Note the ghosted-in skeleton: The hits you made in that box either disrupt the spine, or rupture the carotid arteries.

Pretty nice work, by the way!


----------



## rjinga (Jun 24, 2012)

Steve M1911A1 said:


> Note, please, in your middle picture, the _dotted-line rectangle_ from the ears down toward the chest.
> This is the best place to group your "head-shot" hits.


I was aiming for (trying to, anyway) between the eyes because I thought that's were the T-box(?) sweet-spot was.


----------



## GCBHM (Mar 24, 2014)

Anywhere in the "T-box" will drop your aggressor intently. Nice work.


----------



## TAPnRACK (Jan 30, 2013)

A hit to the cranial vault with a handgun is never guaranteed to turn off the computer... a hit with a high velocity rifle round is another story though.

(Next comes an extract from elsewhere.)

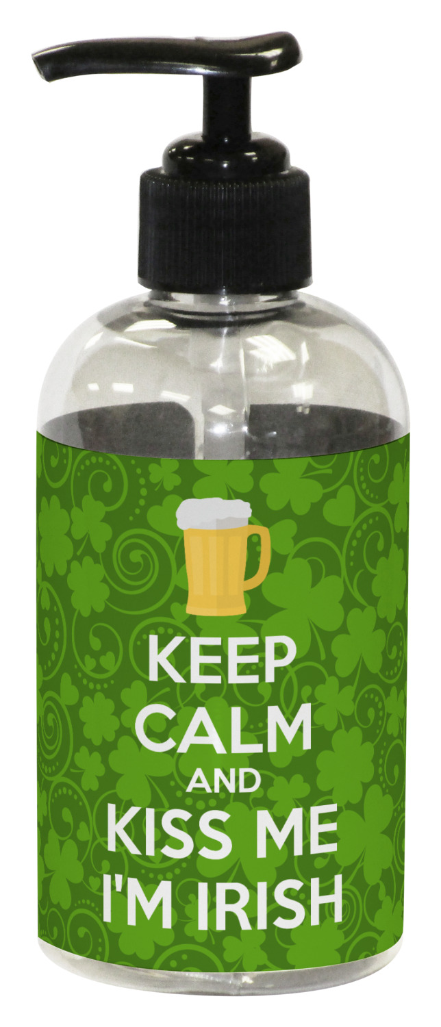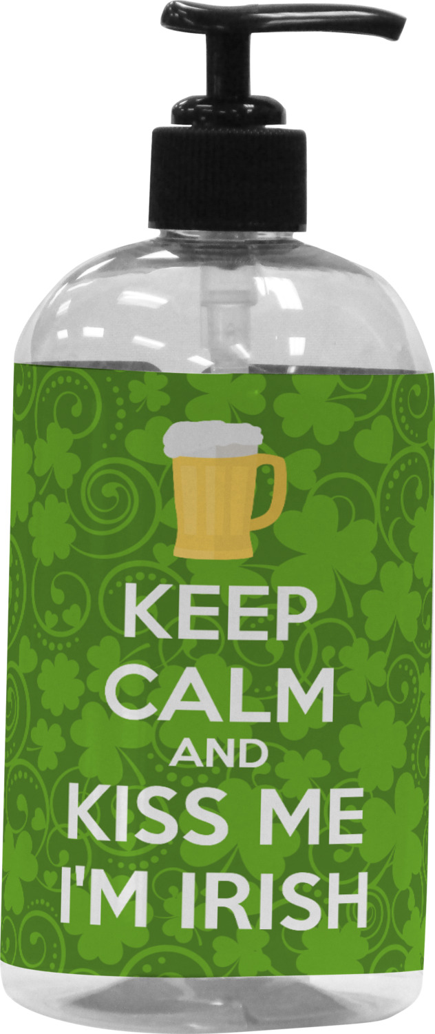 This lucky design is mostly bright green. The background has a lighter green and a darker green making up a background of clovers and swirls. The foreground is a fun phrase that says "Keep calm and kiss me I'm Irish." A fun beer graphic sits above this. You can easily personalize this phrase as well as the graphic above to be whatever you like.

The "T Box" is an older idea that has changed over time... anywhere in the cranial vault area will do the trick. Just spent the last week at Patrol Rifle Instructor School (for LE) and had a long discussion on the subject with some of the most up to date trainers in the business.


----------



## GCBHM (Mar 24, 2014)

If you manage to place a shot in the "T", it will stop you cold. Doing so is hard, but if you can do it, it is over. If you sever the spine or penetrate the brain, the lights are going out. They may pull through, but they won't be able to fight anymore at that moment. I've never seen or heard of anyone getting hit in the "T" and not stopping immediately.


----------



## rjinga (Jun 24, 2012)

TAPnRACK said:


> ... anywhere in the cranial vault area will do the trick....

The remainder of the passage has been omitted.